So I have some data that isn't overly sensitive, but I'm still on the fence on whether or not we should invest the additional time into managing it as a private resource, vs just publicly available.
The data (images & pdfs) are to be hosted on aws' S3 bucket. They feed a web application that is private with a very limited # of users. These users (or the admin) can upload data to the bucket via the web app (or aws console). The current beta version has that data served similarly to the static files for the website, e.g. publicly available if one knows the ressource's url.

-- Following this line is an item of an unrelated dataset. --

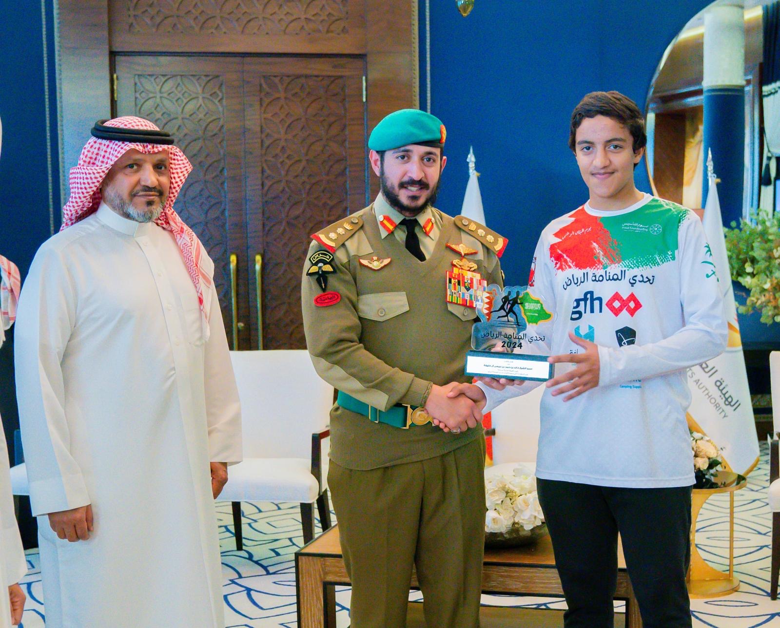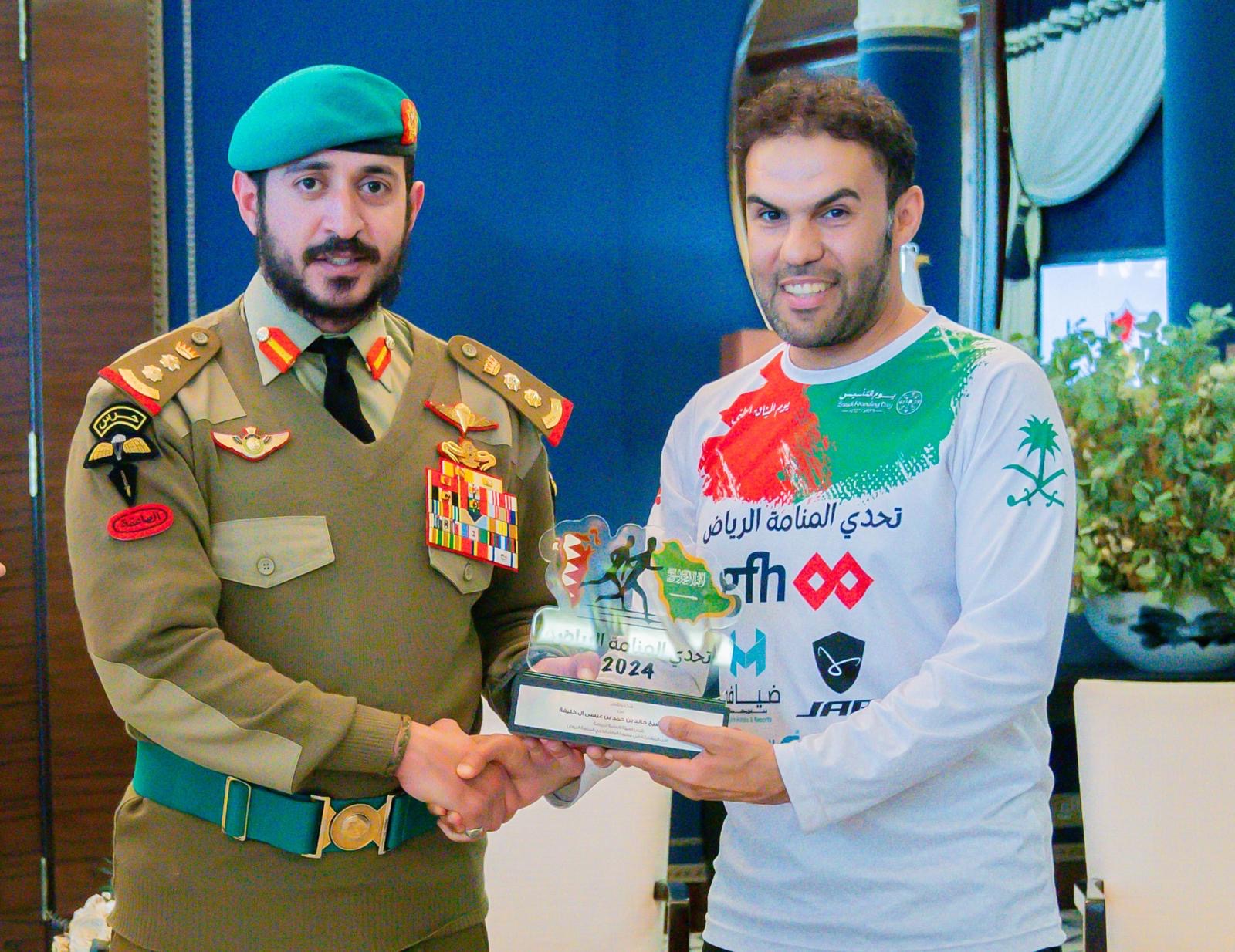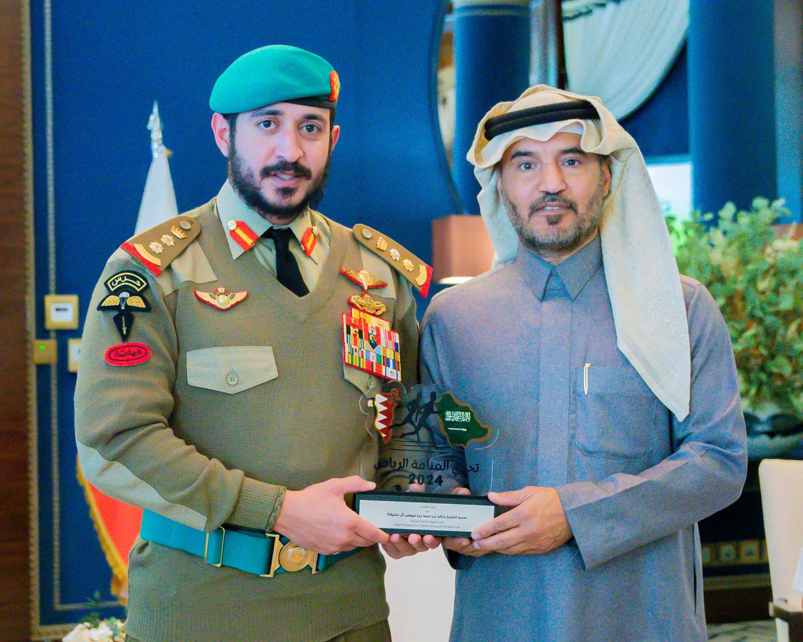 استقبل سمو الشيخ خالد بن حمد آل خليفة النائب الأول لرئيس المجلس الأعلى للشباب والرياضة رئيس الهيئة العامة للرياضة رئيس اللجنة الأولمبية البحرينية فريق شباب تحدي المنامة الرياض الذي قام بمبادرة الجري من المنامة إلى قلعة المصمك في الرياض لمسافة تزيد عن 400 كيلومتر وذلك بمناسبة يوم التأسيس بالمملكة العربية السعودية الذي يصادف 22 فبراير من كل عام.

Since the application is aimed at a very restricted audience, the only way once could obtain those urls (that I can think of) would be a web crawler whose aim would be to generate random URLs variations on S3 bucket's generic url patterns (e.g. https://<bucketname>.s3.amazonaws.com/<folder_structure>/<filename>
). I guess by generating enough of those, one could build a database of random files, include those imaages/pdfs. Then maybe using some classification/AI/human processing, one could try to further classify those into something actually useful. If I were to build such a crawler, I guess I would start by generating buckername, try to figure out by the responses if it corresponds to an actual bucket, then eventually refine to find filenames. Seems it would need quite a # of guesses to get that working.
Am I missing an obvious flaw here? Is the above I describe actually pretty common place, meaning that sooner or later that data will find its way into some random database? More generally... how does one draw the line on what should be covered by an enforced access policy vs the default "security by obscurity" that random urls "provide"?